Why hundreds of US pharmacies are closing

Changing consumer trends and market dynamics are leading to hundreds of pharmacy store closures in the U.S.

Brick-and-mortar locations are losing to mail-order and digital options, according to a J.D. Power study of pharmacy customers. Between 2023 and 2024, overall customer satisfaction in physical drug stores declined 10 points on a 1,000-point scale, and satisfaction scores for mail-order pharmacies increased six points. 

In August 2023, all Winn-Dixie pharmacies closed. Soon after, Rite Aid filed for bankruptcy and shuttered about 500 of its 2,000-plus locations. And CVS is closing 900 of its nearly 2,000 locations in a three-year plan announced in 2021. 

Similar to CVS, Walgreens is also shutting down sites in a phased approach. In 2019, it announced 200 closures, and in mid-2023, laid plans for another 150. It plans to close 1,200 more, according to a recent earnings report.

There are several reasons behind the changing landscape. Brick-and-mortar locations have longer wait times, are less trustworthy and present more difficulties when ordering prescriptions compared to digital and mail-order options, customers say.
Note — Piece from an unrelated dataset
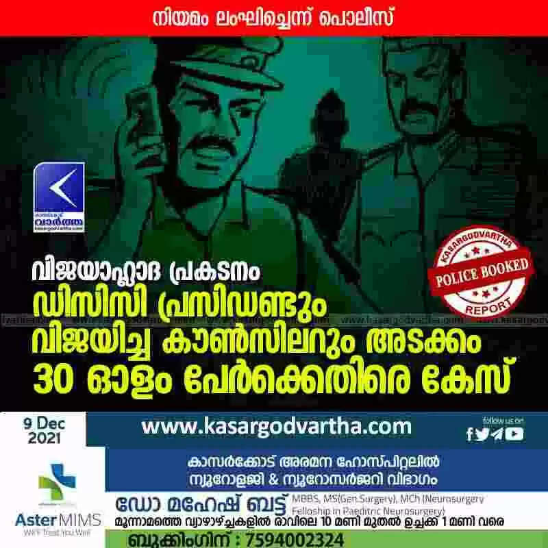 വിജയാഹ്ലാദ പ്രകടനം; ഡിസിസി പ്രസിഡണ്ടും വിജയിച്ച കൗൺസിലറും അടക്കം 30 ഓളം പേർക്കെതിരെ കേസ്

Before announcing the latest closures, Walgreens Boots Alliance CEO Tim Wentworth said 25% of the company's stores were underperforming. Of the company's 8,700 drug stores, 13.8% — or about 1 in 7 — are the latest to face termination. A spokesperson told Becker's the organization plans to "redeploy the majority of our team members from those stores that we close." The company would not confirm the number of affected employees.

Apart from convenience, reliability and trust, physical pharmacies are also losing when it comes to safety. Most of the 1,200 stores Walgreens is closing were chosen because they are near another location or because of shoplifting, The Wall Street Journal reported in June. 
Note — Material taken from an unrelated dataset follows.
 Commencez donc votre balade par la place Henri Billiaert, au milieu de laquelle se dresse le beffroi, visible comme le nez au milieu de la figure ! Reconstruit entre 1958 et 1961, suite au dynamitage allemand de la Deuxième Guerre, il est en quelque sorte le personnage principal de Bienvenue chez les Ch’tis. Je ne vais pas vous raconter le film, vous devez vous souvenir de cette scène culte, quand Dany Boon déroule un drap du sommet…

"Criminals engaging in mass retail theft are brazen, sometimes threatening and even physically harming workers," Michael Hogue, PharmD, CEO of the American Pharmacists Association, said in August. "As large corporations are downsizing and pharmacy owners are making decisions about locations to close, the amount of 'shrinkage' or retail theft occurring at a given location is increasingly part of the equation."

Physical locations are also facing higher costs and lower reimbursement rates for prescription drugs. Most profits come from these reimbursements, but sales at the front of the store — snacks and household items — are also declining because of competitors like Amazon, CNN reported Oct. 16. 

In response, retail pharmacy companies are switching course to setting up digital kiosks and smaller stores and squeezing primary clinics inside pharmacies.